The ranking number we built in the recursive query is nothing more than a numerical representation of the materialized path. It is therefore time to check how we can display the troops under the command of General Vandamme using a simple materialized path implementation.

Materialized path model

Our query is hardly more difficult to write under the materialized path model —but for the level, which is derived from the path itself. Let’s assume just for an instant that we have at hand a function named mp_depth( ) that returns the number of hierarchical levels between the current node and the top of the tree. We can write a query as:

    select lpad(a.description, length(a.description)
            + mp_depth(...)) description,
           a.commander
    from materialized_path_model a,
         materialized_path_model b
    where a.materialized_path like b.materialized_path || '%'
      and b.commander = 'Général de Division Dominique Vandamme')
    order by a.materialized_path

Before dealing with the mp_depth( ) function, I’ll note a few traps. In my example, I have chosen to start the materialized path with A for the Anglo-Dutch army, P for the Prussian one, and F for the French one.

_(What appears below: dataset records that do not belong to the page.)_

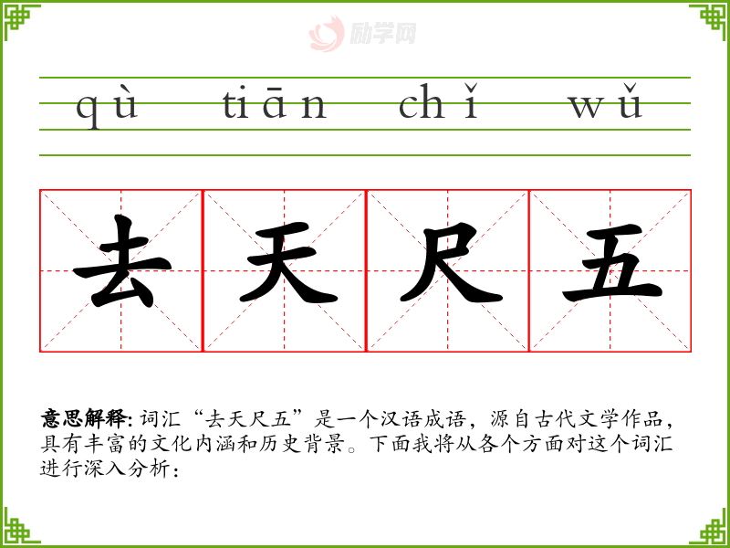 词汇“去天尺五”是一个汉语成语,源自古代文学作品,具有丰富的文化内涵和历史背景。下面我将从各个方面对这个词汇进行深入分析: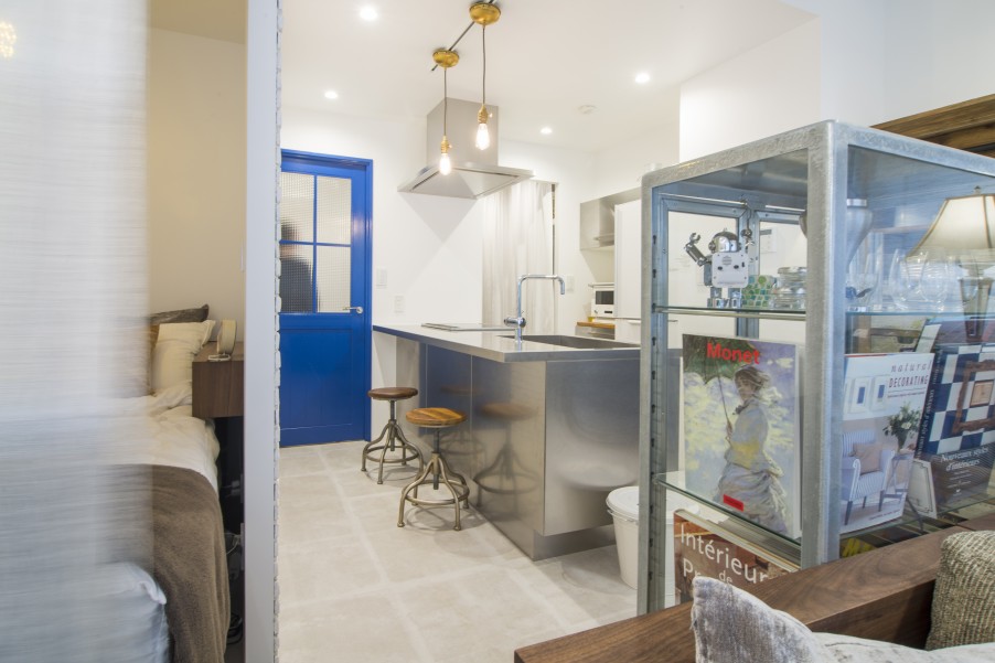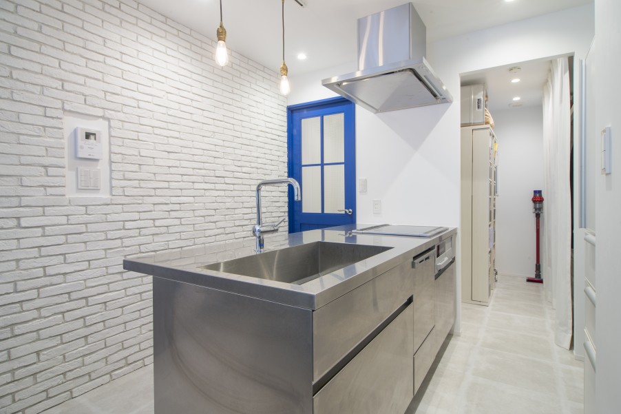 「キッチンです。一般家庭になるようなシステムキッチンは絶対に嫌で、業務用に近いものを希望しました。オールステンレスのキッチンを見つけて、まずはこれをどこに配置するかということから、部屋づくりをスタートしました」(奥様)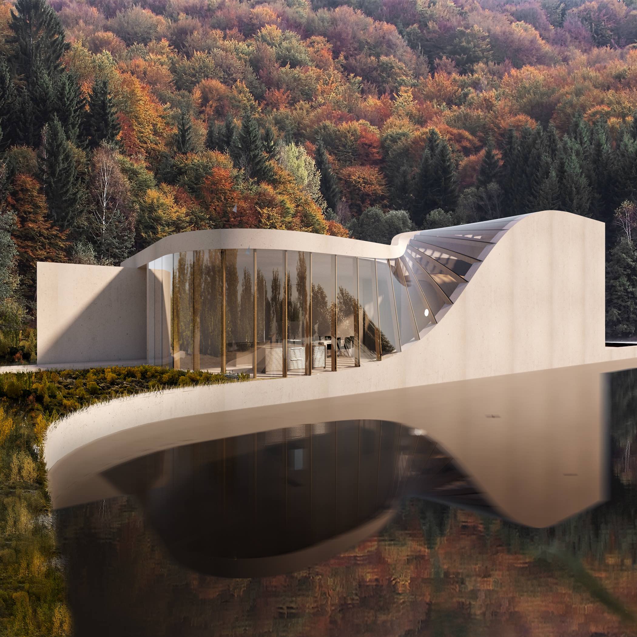 Skabere er inspirationen, når man designer et hus Lake House findes i det omkringliggende område – dette er tydeligt især når man ser på buet glasfacade, som udtrykker en direkte forbindelse med det ydre miljø og lader naturligt lys trænge ind i de indre rum.

That first letter is then followed by dot-separated digits. Thus, the 12th Dutch line battalion, under the command of Colonel Bagelaar, is A.1.4.2.3, while the 11th Régiment of Cuirassiers of Colonel Courtier is F.9.1.2.2. Ordering by materialized path can lead to the usual problems of alphabetical sorts of strings of digits, namely that 10.2 will be returned before 2.3; however, I should stress that, since the separator has a lower code (in ASCII at least) than 0, then the order of levels will be respected. The sort may not, however respect the order of siblings implied by the path. Does that matter? I don’t believe that it does because sibling order is usually information that can be derived from something other than the materialized path itself (for instance, brothers and sisters can be ordered by their birth dates, rather than by the path). Be careful with the approach to sorting that I’ve used here. The character encoding used by your database might throw off the results.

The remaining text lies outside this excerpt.